We have been married nearly 7 years and have a DS (2.5). I know all couples have ups and downs etc but my DH seems to say that he wants to leave me every few months. The latest incident was on the back of a relatively minor disagreement where he told me he would leave me as fast as possible if he had the chance. The thing is he can't as we have a big mortgage and I think he worries about paying maintenance for our son and also financing himself.

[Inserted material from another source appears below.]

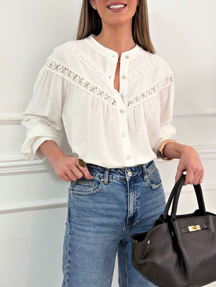 Blusa de corte fluido. Cuello redondo con abertura frontal y botones. Detalle de encaje decorativo en la parte superior. Manga larga con acabado relajado. Tejido ligero y cómodo. Diseño elegante y versátil.

I suspect that deep down, he is only staying with me because he feels trapped, he has said this himself (that he feels trapped and is not living the life he wanted). He hates where we live (even though it is actually a nice place, certainly not a shit hole) and he also moans constantly about having to work though he has a reasonable job. IMO, some of the things he says sound rather entitled which makes me sick TBH, and as though he should not have to work at all... I am a WAHM/SAHM but of course he never really counts my contribution as my life is 'easy'... If he could move back to his home town he would,I am sure.

That was a bit of background but my question is: do your DPs and DHs say they are going to leave you when angry about something and later apologise for it (and make excuses saying that it was your behaviour that prompted them to say it)? Is this a par for the course relationship thing? I am so worn down I can't tell any more. All I know is I feel destabilised and cannot remember the last time I felt relaxed.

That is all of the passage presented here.